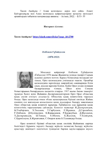 Хасен Ақайұлы // Алаш қозғалысы: дерек пен дәйек. Ахмет
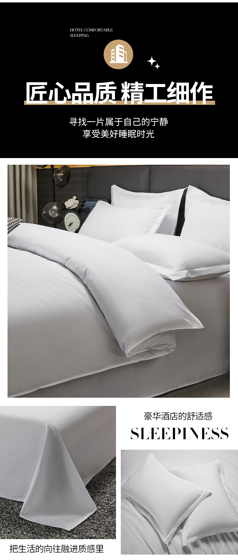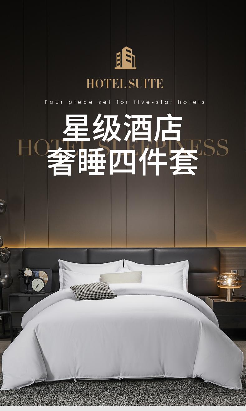(总)小老弟 2025新款酒店用品酒店布草全棉纯棉60S酒店四件套,白色
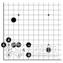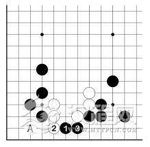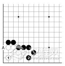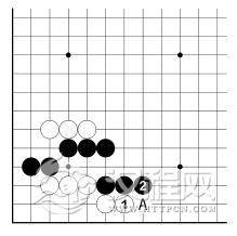 在 1 图中,白 1、3 扳粘欠考虑。其实白必须 1、3 扳虎。至白 5 尖,黑 A 再挡时,白脱先也活了。可见其差别是很大的。
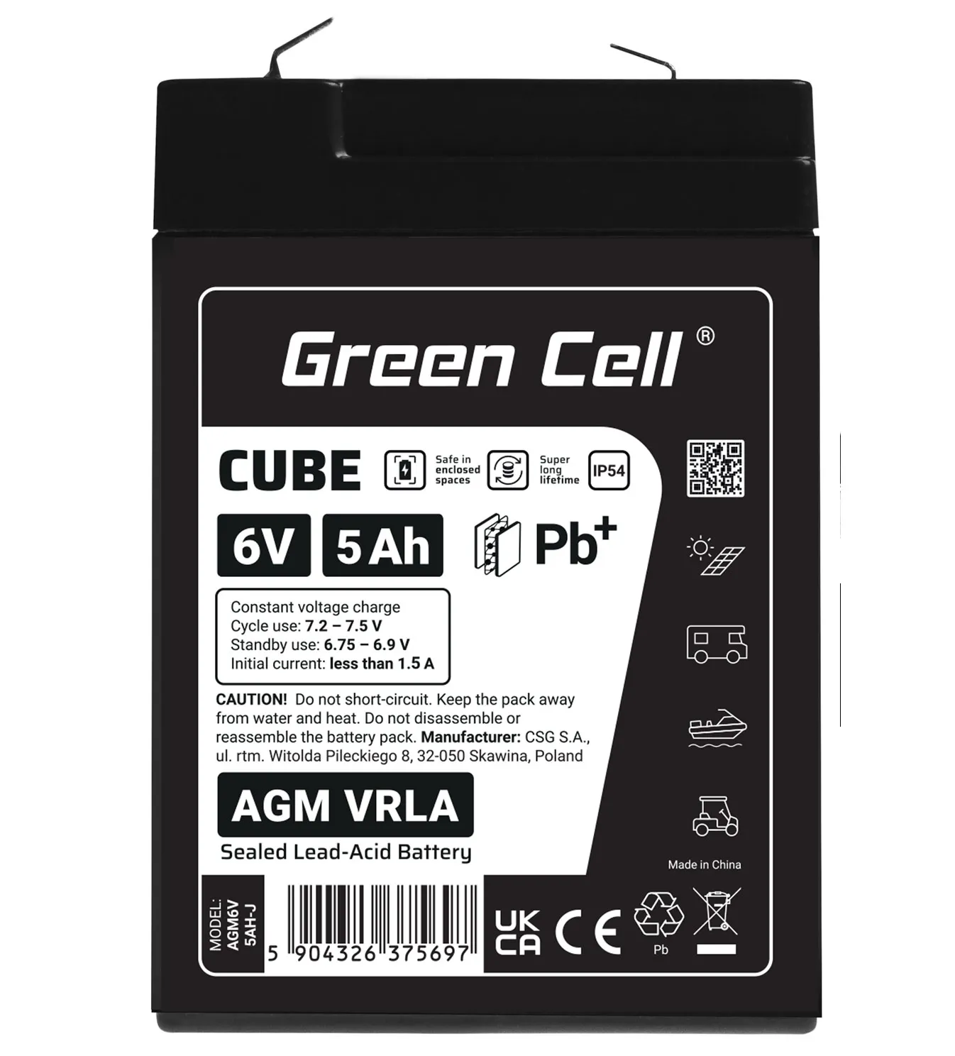 Akumulator firmy Green Cell Cube AGM VRLA IP54 6V 5Ah
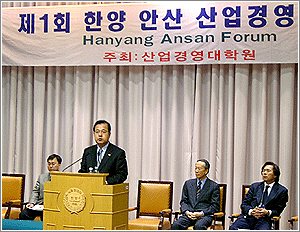 지난 29일 안산캠퍼스 학생회관 소극장에서는 산업경영대학원에서 주최한 제1회 한양-안산 산업경영포럼이 개최됐다. 산업경영대학원 교수부장 양내원 교수의 사회로 시작된 이날 행사는 김인호 산업경영대학원장의 개회사와 김수삼 한양대학교 부총장의 축사 순서로 진행됐다. 약 1백여 명의 학생 및 교수들이 참가한 이번 행사에서 신성우(공학대·건축) 교수 외 4명의 교수들은 향후 안산캠퍼스 교육 개선 방향에 대한 발표를 진행했다.
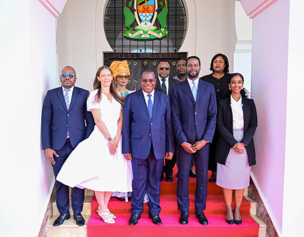 Makamu wa Rais wa Jamhuri ya Muungano wa Tanzania Mhe. Dkt. Philip Mpango akiwa katika picha ya pamoja na Ujumbe wa Sekretariet ya Jukwaa la Uchumi Duniani (WEF) wakiongozwa na Mkurugenzi wa Masuala ya Ushirikiano katika Usimamizi na Menejimenti ya Taka za Plastiki Bi. Clemence Schmid (mwenye gauni jeupe) pamoja na ujumbe wa Tanzania mara baada ya mazungumzo yaliyofanyika Ikulu Chamwino Mkoani Dodoma tarehe 15 Agosti 2024.

§

**Work request:** The entries are to be reproduced exactly, excluding any pictures they contain.

**Answer box:**
 Хасен Ақайұлы // Алаш қозғалысы: дерек пен дәйек. Ахмет
(总)小老弟 2025新款酒店用品酒店布草全棉纯棉60S酒店四件套,白色
 在 1 图中,白 1、3 扳粘欠考虑。其实白必须 1、3 扳虎。至白 5 尖,黑 A 再挡时,白脱先也活了。可见其差别是很大的。
 Akumulator firmy Green Cell Cube AGM VRLA IP54 6V 5Ah
 지난 29일 안산캠퍼스 학생회관 소극장에서는 산업경영대학원에서 주최한 제1회 한양-안산 산업경영포럼이 개최됐다. 산업경영대학원 교수부장 양내원 교수의 사회로 시작된 이날 행사는 김인호 산업경영대학원장의 개회사와 김수삼 한양대학교 부총장의 축사 순서로 진행됐다. 약 1백여 명의 학생 및 교수들이 참가한 이번 행사에서 신성우(공학대·건축) 교수 외 4명의 교수들은 향후 안산캠퍼스 교육 개선 방향에 대한 발표를 진행했다.
 Makamu wa Rais wa Jamhuri ya Muungano wa Tanzania Mhe. Dkt. Philip Mpango akiwa katika picha ya pamoja na Ujumbe wa Sekretariet ya Jukwaa la Uchumi Duniani (WEF) wakiongozwa na Mkurugenzi wa Masuala ya Ushirikiano katika Usimamizi na Menejimenti ya Taka za Plastiki Bi. Clemence Schmid (mwenye gauni jeupe) pamoja na ujumbe wa Tanzania mara baada ya mazungumzo yaliyofanyika Ikulu Chamwino Mkoani Dodoma tarehe 15 Agosti 2024.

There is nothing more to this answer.